Euribor manipulation: can mortgage rates from 2005 to 2008 be called into question?

In case of Euribor manipulation, the mortgage interest is zero. This follows from the decision of the Supreme Court from last December, handed down against four banks. The third part of the Court of Cassation actually declared the loan rate calculated on the basis of the Euribor agreed by some banking institutions to be zero. Let’s take a closer look at what the story is about and what implications it may have for borrowers, especially those who have taken out a mortgage between 2005 and 2008.

Euribor manipulation, the story

The story goes back to an investigation conducted between 2011 and 2013, when EU authority with AT case. 39914, wanted to find out the possible existence of a cartel between banks with the aim of manipulating the Euribor rate, i.e. the rate from which interest rates on “variable rate” mortgages are calculated. In fact, the investigation showed that in the period from 29 September 2005 to 30 May 2008 Euribor was set on the basis of agreements between Barclays Bank, Deutsche Bank, Société Générale and Royal Bank of Scotlandwho then admitted their responsibility.

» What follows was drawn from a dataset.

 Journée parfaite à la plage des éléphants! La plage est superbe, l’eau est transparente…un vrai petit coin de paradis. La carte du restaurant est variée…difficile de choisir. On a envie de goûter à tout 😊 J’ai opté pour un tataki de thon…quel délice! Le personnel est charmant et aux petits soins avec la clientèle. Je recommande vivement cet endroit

According to what the Commission decided in the case, the unlawful conduct, which took place between 29 September 2005 and 30 May 2008, consisted in detail of communicating and receiving “preferences for “setting” certain Euribor values ​​to a constant, low or high value” by banks; the exchange of “detailed non-public/available information about future trading positions or intentions sending data for Euribor of certain values at least one of its banks’; exploring “the possibility of reconciling their EIRD trading positions based on the information received” and “adjusting at least one of their banks’ future Euribor submissions based on the information received”; to contact “the person responsible for sending the Euribor data of your bank… with a request to send the data to the EBF calculator that followed a certain direction or a specific level”; with the notification “responsible person’s response before the moment of daily data transmission”. Banks were sanctioned for these events

Manipulated Euribor decision, implications for mortgages

As a result of the above, the Supreme Court effectively declared the rate used in the leasing contract to which the analyzed case applies is invaliddetermined with reference to the manipulated Euribor rate, a rate that therefore needs to be recalculated.

But the meaning of this sentence goes even further: it opens the door to sa number of possible appeals related to other mortgage rates and financing if it is proven that they were set on the basis of a manipulated Euribor.

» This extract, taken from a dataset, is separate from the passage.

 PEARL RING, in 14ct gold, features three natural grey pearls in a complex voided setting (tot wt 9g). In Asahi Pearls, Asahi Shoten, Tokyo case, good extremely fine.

“The investigation carried out by the Commission showed how, between 29 September 2005 and 30 May 2008, certain banks manipulated Euribor,” he summarizes Alessandro D’Antonio of Conserf Srl. – As is well known, Euribor is the main index according to which the interest rate of Italian mortgages is determined: very often, mortgage contracts stipulate that the rate used is equal to Euribor increased by X percentage points. Given the conclusions reached by the Commission, we must now question the validity of these mortgages: some specialists in the sector estimate the total compensation of Italians who took out mortgages during the period of Euribor manipulation at 16 billion”.

So who established a mortgage in the period covered by the Supreme Court decision (from September 29, 2005 to May 30, 2008)you may have the right to object to the rates.

Which 2005-2008 mortgages can be contested?

When identifying questionable mortgages There are two issues to considerD’Antonio underlines:

  • The debtor is entitled to compensation arranged a mortgage with an unaccused bank that you manipulated Euribor? To date, no Italian bank has been charged with fraud, but it is also true that borrowers of Italian banks have (probably) been harmed by the manipulation;
  • Many believe that mortgages are questionable only those with variable rates. In fact, many fixed rate mortgages also determine the rate applied to the borrower based on Euribor.

With reference to point a, according to some lawyers, they would be mortgages signed with all banks are questionable, including those that have not been investigated and even those that are not part of the Panel of banks that participate in setting the Euribor rate. If convicted, the bank brought before the court will be able to take action against whoever actually manipulated the Euribor rate. However, this interpretation does not seem fair or feasible. On the contrary, it is believed that the best solution would be to sue not only the lending bank but also all the banks that manipulated Euribor.

In terms of (b), the mortgages are deemed to be questionable it’s not just those with variable rates, but also those with a fixed rate signed in the breach period, where it is clear from a review of the contract that the agreed rate was set on the basis of Euribor. Mortgages with a fixed interest rate are the most damaged by the behavior of the banks, because they maintained a manipulated rate throughout the duration of the loan.